Data extract:
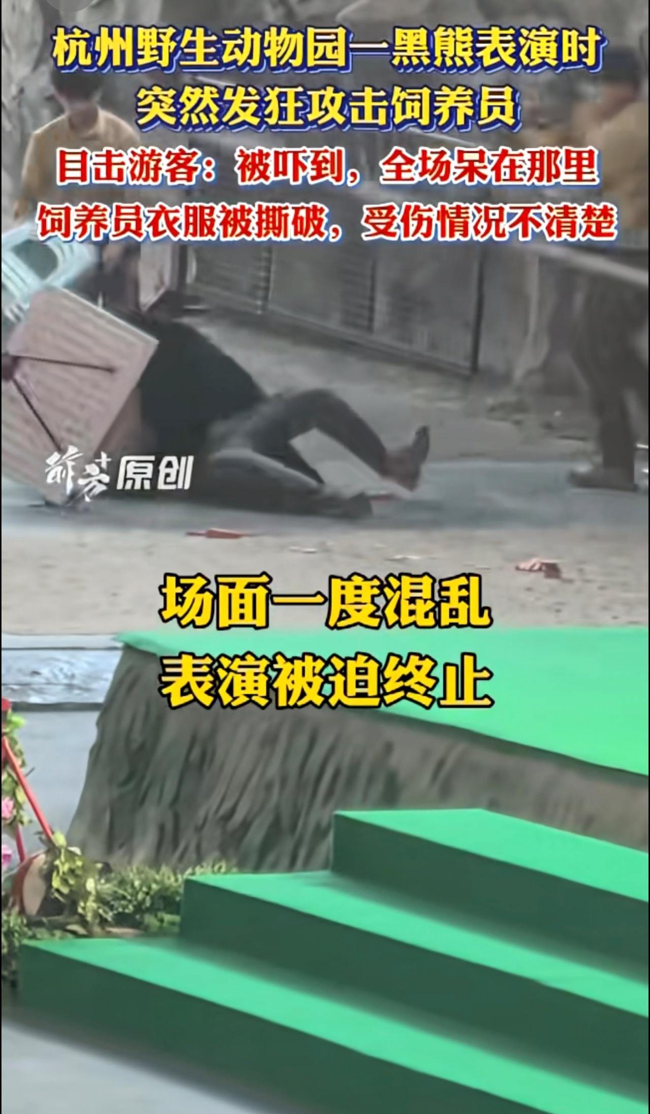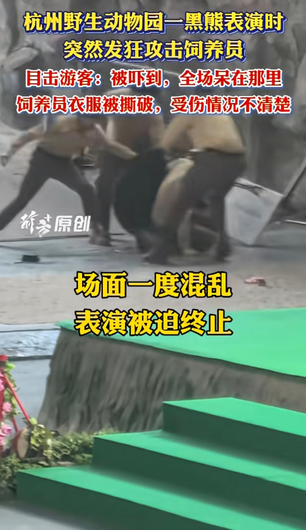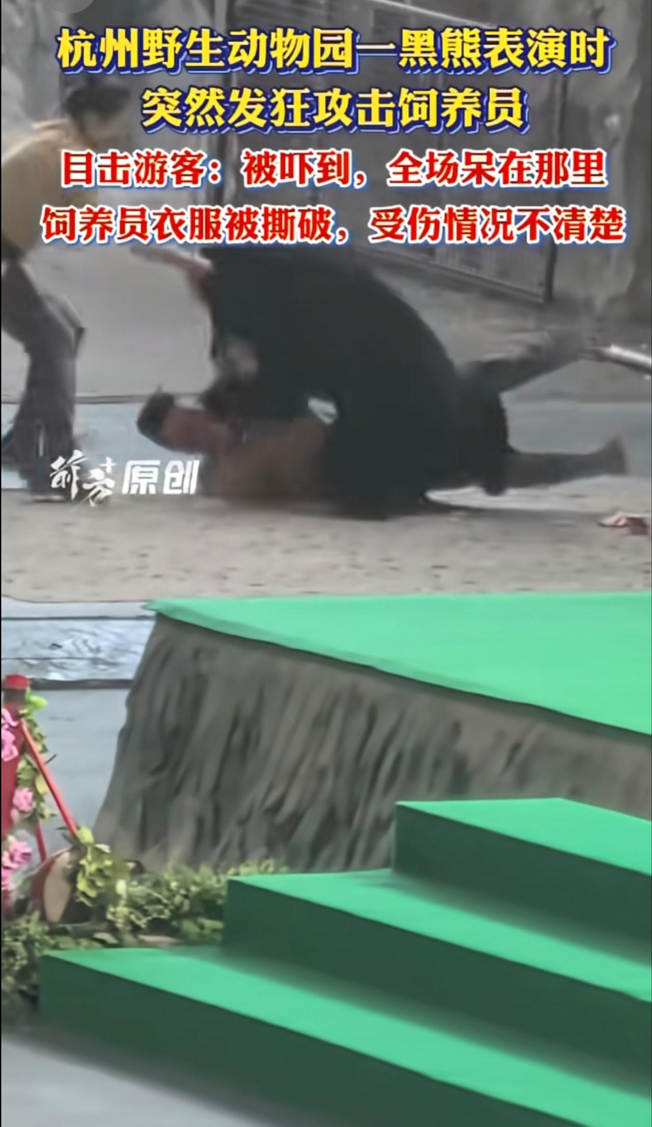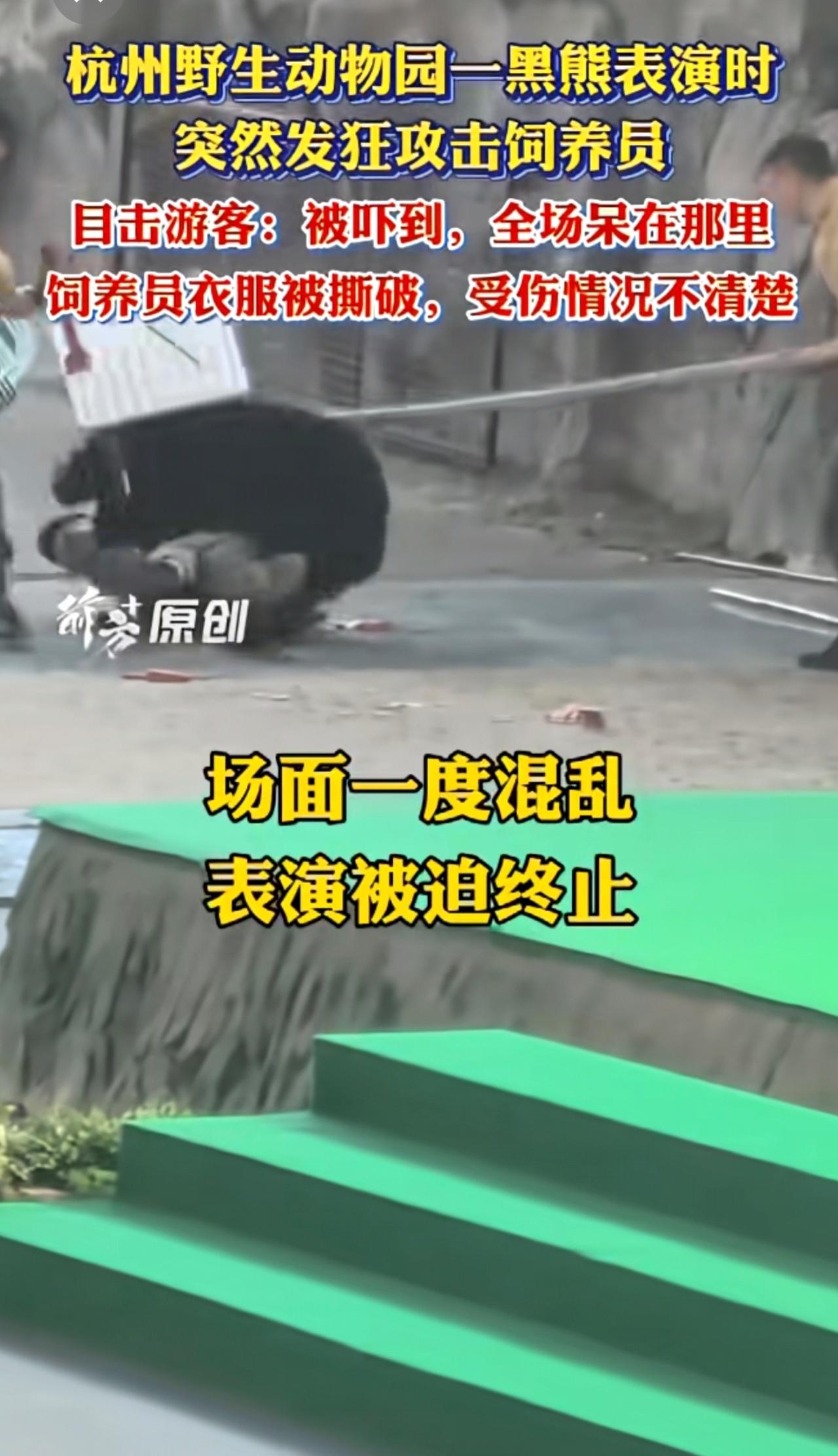 杭州野生动物园一黑熊表演时,突然发狂攻击饲养员,目击游客:被吓到,全场呆在那里,饲养员衣服被撕破,受伤情况不清楚。(晨视频)编辑:木子
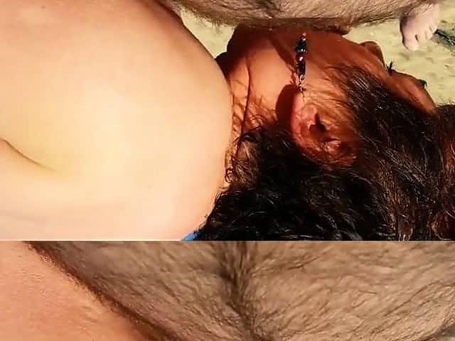 AGED MOTHER, MASTURBATION ON THE BEACH IN FRONT OF HER STEP SON
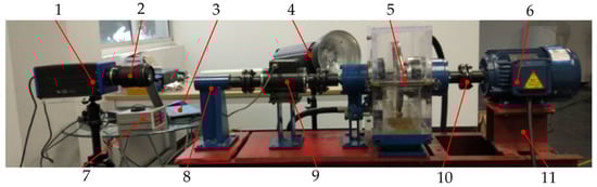Transparent test platform (1 = high-speed camera; 2 = lens; 3 = computer; 4 = fill light; 5 = host; 6 = motor; 7 = data collection unit; 8 = magnet powder brake; 9 = torque sensor; 10 = coupling; 11 = base).
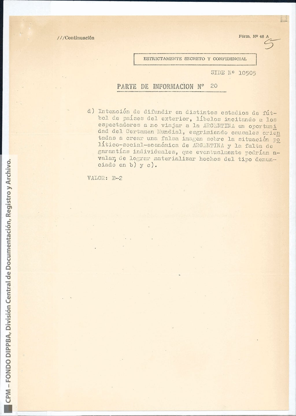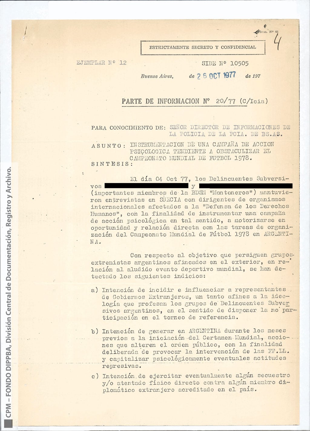Todos los elementos de sospecha sobre el supuesto boicot al mundial se presentan con claridad en el legajo de la SIDE Nº 10505, del 26 de octubre de 1977, elaborado sobre la base de información de Contrainteligencia valorada como B2, es decir, de fuente “normalmente” confiable y “muy probable”. El documento catalogado como Parte de Información Nº 20/77 (C/Icia), y para poner en conocimiento del “Director de Informaciones de la Policía de la Pcia. De BS. AS.”, lleva el asunto: “Instrumentación de una campaña de acción psicológica tendiente a obstaculizar el campeonato mundial de fútbol 1978”.

What you will do:
Take the listing above and retype it exactly. Its pictures are to be omitted.

Response below:
 杭州野生动物园一黑熊表演时,突然发狂攻击饲养员,目击游客:被吓到,全场呆在那里,饲养员衣服被撕破,受伤情况不清楚。(晨视频)编辑:木子
 AGED MOTHER, MASTURBATION ON THE BEACH IN FRONT OF HER STEP SON
Transparent test platform (1 = high-speed camera; 2 = lens; 3 = computer; 4 = fill light; 5 = host; 6 = motor; 7 = data collection unit; 8 = magnet powder brake; 9 = torque sensor; 10 = coupling; 11 = base).
Todos los elementos de sospecha sobre el supuesto boicot al mundial se presentan con claridad en el legajo de la SIDE Nº 10505, del 26 de octubre de 1977, elaborado sobre la base de información de Contrainteligencia valorada como B2, es decir, de fuente “normalmente” confiable y “muy probable”. El documento catalogado como Parte de Información Nº 20/77 (C/Icia), y para poner en conocimiento del “Director de Informaciones de la Policía de la Pcia. De BS. AS.”, lleva el asunto: “Instrumentación de una campaña de acción psicológica tendiente a obstaculizar el campeonato mundial de fútbol 1978”.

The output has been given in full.